A recently published industry report indicates that stablecoins have become one of the most critical infrastructures connecting traditional finance and the crypto world, and are changing the global financial landscape. The report provides a comprehensive and systematic analysis of the stablecoin industry from six dimensions: development history, market structure, application scenarios, global regulation, development potential, and potential risks.
US Dollar stablecoins dominate the market
The report shows that in the global stablecoin market, USDC dominates with an issuance volume of 256.4 billion USD. In contrast, stablecoins pegged to other national fiat currencies are still in their infancy. The second-largest stablecoin, the euro stablecoin, has a size of only 490 million USD, while stablecoins such as the yen, pound, won, and lira range from hundreds of thousands to tens of millions of USD. This indicates that non-USD fiat stablecoins still have significant room for growth.
As of July 2025, the total market capitalization of global stablecoins has exceeded $250 billion, a significant rise compared to the beginning of the year. Among them, the two major stablecoins, USDT and USDC, together account for 86.5% of the market share, forming a duopoly in the stablecoin sector.
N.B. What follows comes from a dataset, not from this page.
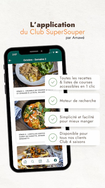 Cette app est réservée aux clients Amawé membres du Club SuperSouper 4 saisons (elle n’est pas accessible pour les membres 1 saison).

It is worth noting that the total on-chain transfer amount of stablecoins that year reached $36.3 trillion, surpassing the annual transaction totals of Visa and Mastercard, becoming a new cornerstone of the global payment network.
The rise of USDC in 2025 is particularly strong, with an annual growth rate of 40.9%. Based on this growth rate, USDC is expected to surpass USDT around 2030, becoming the largest stablecoin by market size.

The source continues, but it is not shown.